* _Work to be completed_
Repeat only these lines, exactly: the first line of the data, the line containing "女士纯棉中腰女生内裤 不夹臀抗菌内裤 三角裤 新款 短裤 全棉时代内裤", and every line between them. Pictures stay out.

[Opening Provided data section]

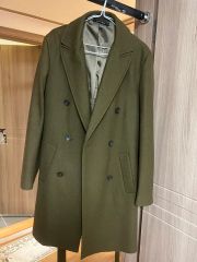 ウール混紡のグレーのダブルブレストチェスターコート、シンプルでスタイリッシュなデザイン。
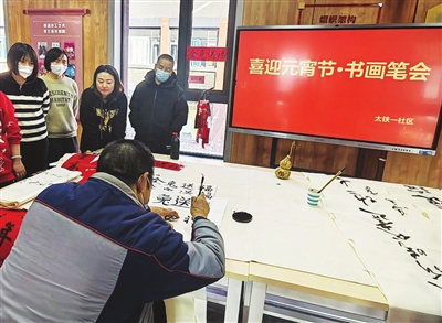 2月1日上午,敦化坊街道太铁一社区在社区党群服务中心三层举办了“喜迎元宵节·书画笔会”活动。辖区的书法爱好者挥毫泼墨,字体或苍劲有力,或俊逸秀美。这场书法盛宴精彩纷呈,令在场居民拍手称赞。 袁剑锋 原茜 摄
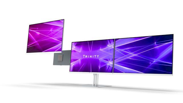 作为显示器厂商推出的三屏解决方案,AOC Trinity 可谓是相当优雅:其仅需一个显示器支架即可固定三块屏幕,大幅缩减了桌面占用空间。同时该设计的左右两侧面板支持 30° 倾斜,快拆结构则意味着两侧可独立作为便携屏使用。
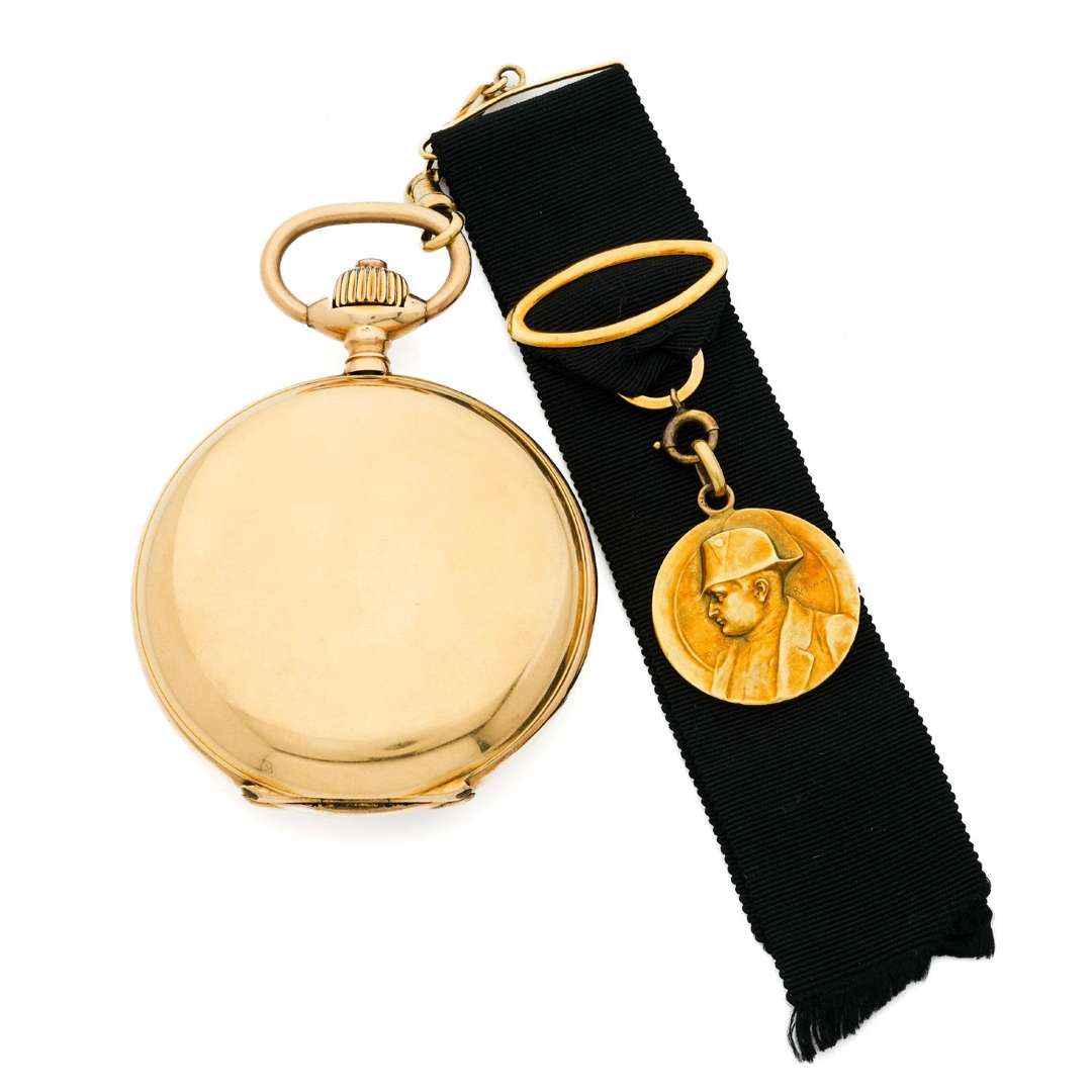 Accompagnée d'une châtelaine en or 18k (750) et satin retenant une médaille à l'effigie de Napoléon Bonaparte à Sainte Helène ( poids brut : 17,98 g.)
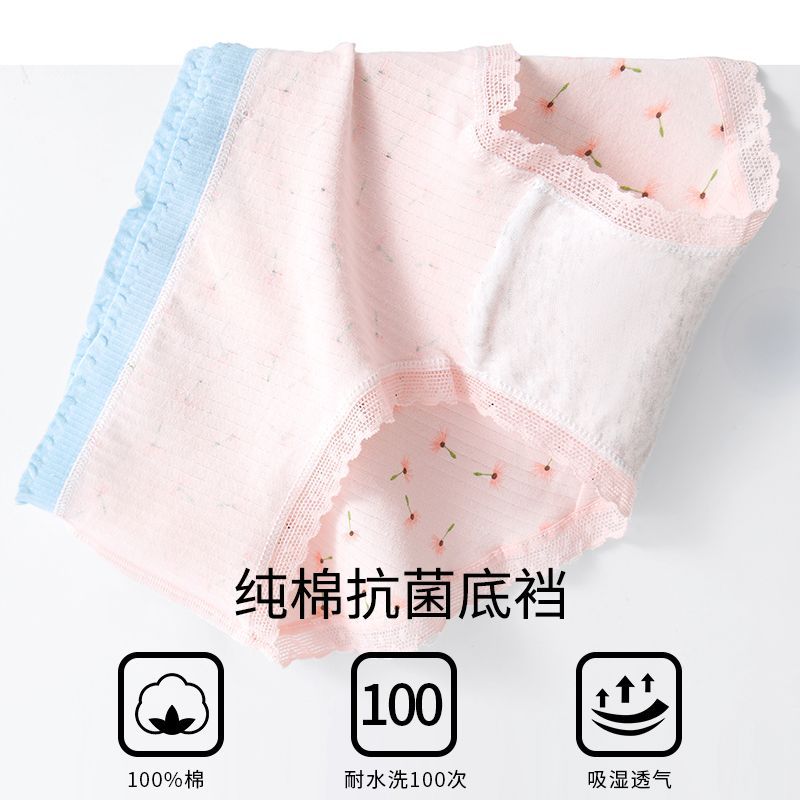 女士纯棉中腰女生内裤 不夹臀抗菌内裤 三角裤 新款 短裤 全棉时代内裤
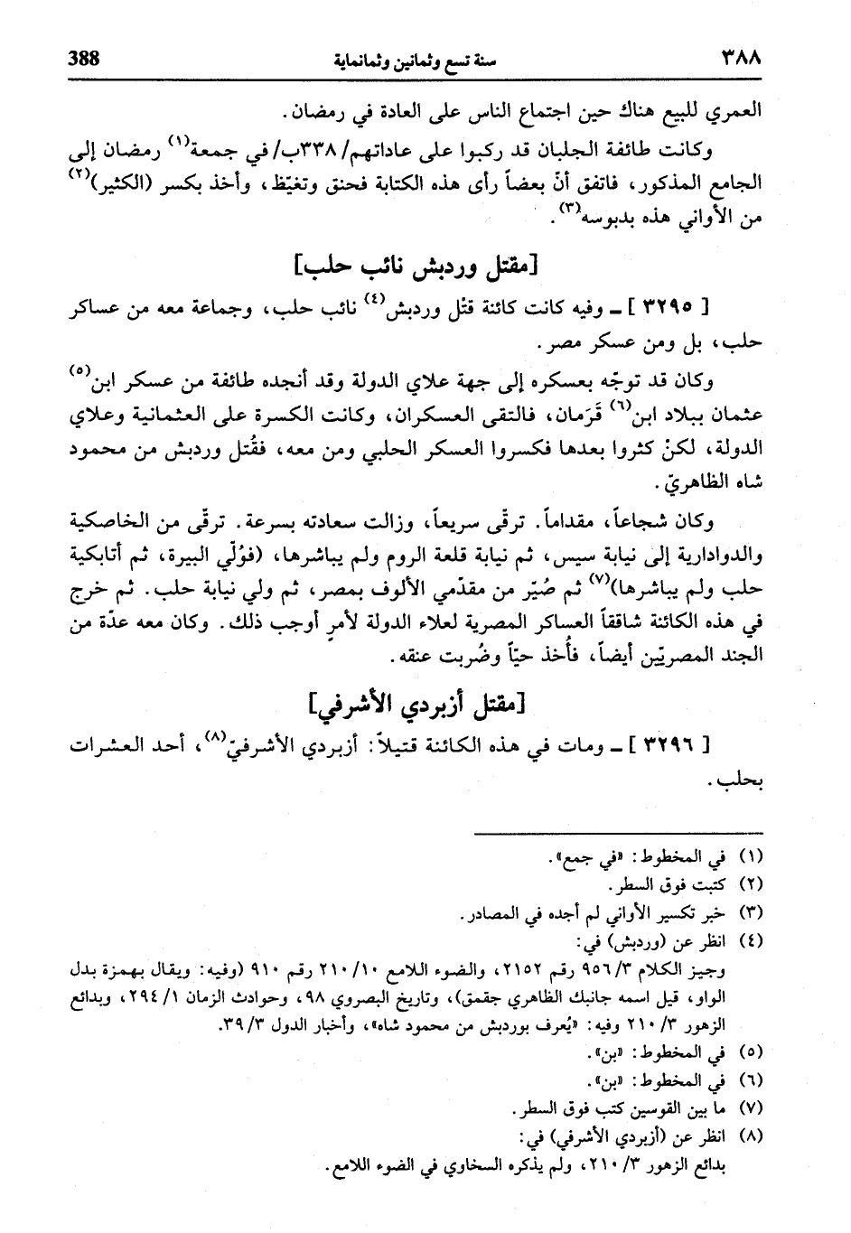 [3296]- ومات في هذه الكائنة قتيلا: أزبردي الأشرفيّ (¬8)، أحد العشرات بحلب.
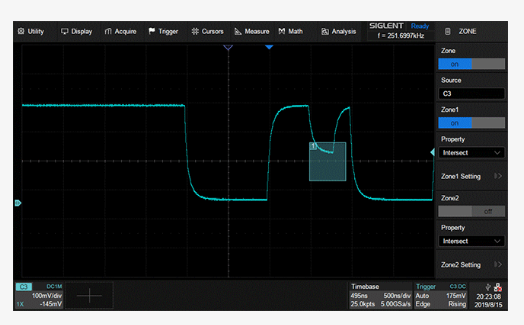 特殊的信號(hào)使用傳統(tǒng)的觸發(fā)類型可能需要進(jìn)行接近20步的設(shè)置步驟,為此,SDS5000X在所有觸發(fā)類型上面都增加了區(qū)域觸發(fā)功能。通過(guò)簡(jiǎn)單的畫(huà)定觸發(fā)區(qū)域框即可對(duì)復(fù)雜信號(hào)進(jìn)行‘’一步觸發(fā)‘’。

[Closing Provided data section]

* _Written answer_
 ウール混紡のグレーのダブルブレストチェスターコート、シンプルでスタイリッシュなデザイン。
 2月1日上午,敦化坊街道太铁一社区在社区党群服务中心三层举办了“喜迎元宵节·书画笔会”活动。辖区的书法爱好者挥毫泼墨,字体或苍劲有力,或俊逸秀美。这场书法盛宴精彩纷呈,令在场居民拍手称赞。 袁剑锋 原茜 摄
 作为显示器厂商推出的三屏解决方案,AOC Trinity 可谓是相当优雅:其仅需一个显示器支架即可固定三块屏幕,大幅缩减了桌面占用空间。同时该设计的左右两侧面板支持 30° 倾斜,快拆结构则意味着两侧可独立作为便携屏使用。
 Accompagnée d'une châtelaine en or 18k (750) et satin retenant une médaille à l'effigie de Napoléon Bonaparte à Sainte Helène ( poids brut : 17,98 g.)
 女士纯棉中腰女生内裤 不夹臀抗菌内裤 三角裤 新款 短裤 全棉时代内裤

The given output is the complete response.